Any recommendations?


----------



## The Rascal (Aug 6, 2014)

Start at the Panorama, then across the road to Lucien, then Goodfellas, the downstairs bar at York, finish in the Music Room.

Sorted.


----------



## Felixtoo2 (Jan 16, 2009)

If you're starting early TGIT Bar in Astoria will provide plenty of early afternoon entertainment. A couple of other well know haunts are Marines in the Sea View Hotel, the club in the Howard Johnston Hotel just around the corner is good for a game of pool and Ratsky's in the imaginatively named Karama Hotel should have something for everyone lol.


----------



## Mr Rossi (May 16, 2009)

Goodfellas, possibly Barrels but it feels more hotel bar than a pub.


----------



## BedouGirl (Sep 15, 2011)

The bar at the top of the Kris Kin. Great views too!


----------



## stamboy (Apr 1, 2013)

Thanks for all the advice


----------



## Standanista (Sep 26, 2014)

What, no Rock Bottom???


----------



## BedouGirl (Sep 15, 2011)

Standanista said:


> What, no Rock Bottom???


He wanted to go somewhere he could talk without having to shout


----------



## Standanista (Sep 26, 2014)

BedouGirl said:


> He wanted to go somewhere he could talk without having to shout


That mad bloke who plays pool and looks like Doc Brown off Back To The Future shouts even when it's empty.


----------



## BedouGirl (Sep 15, 2011)

Standanista said:


> That mad bloke who plays pool and looks like Doc Brown off Back To The Future shouts even when it's empty.

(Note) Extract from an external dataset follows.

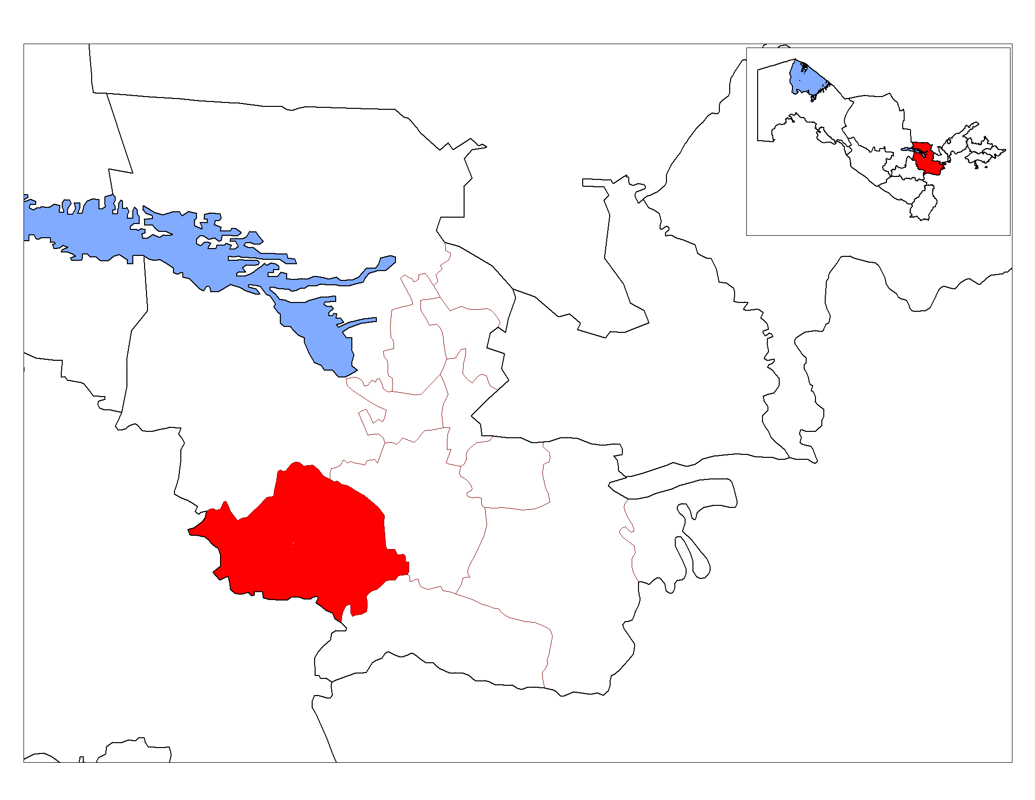 Location map of G’allaorol District in Jizzax Province, Uzbekistan

Hahaha - I can't remember his name but I think I know who you mean. He's been going there for years.


----------



## Standanista (Sep 26, 2014)

BedouGirl said:


> Hahaha - I can't remember his name but I think I know who you mean. He's been going there for years.


He's good value alright.

"I LIKE YOU!"


----------



## The Rascal (Aug 6, 2014)

Standanista said:


> That mad bloke who plays pool and looks like Doc Brown off Back To The Future shouts even when it's empty.


You just get this type of character in he Marina do you?

Some would say that makes it better, I beg to differ.


----------



## BedouGirl (Sep 15, 2011)

Standanista said:


> He's good value alright. "I LIKE YOU!"


He's like a lot of the characters you find in the pool bar, it's their second home


----------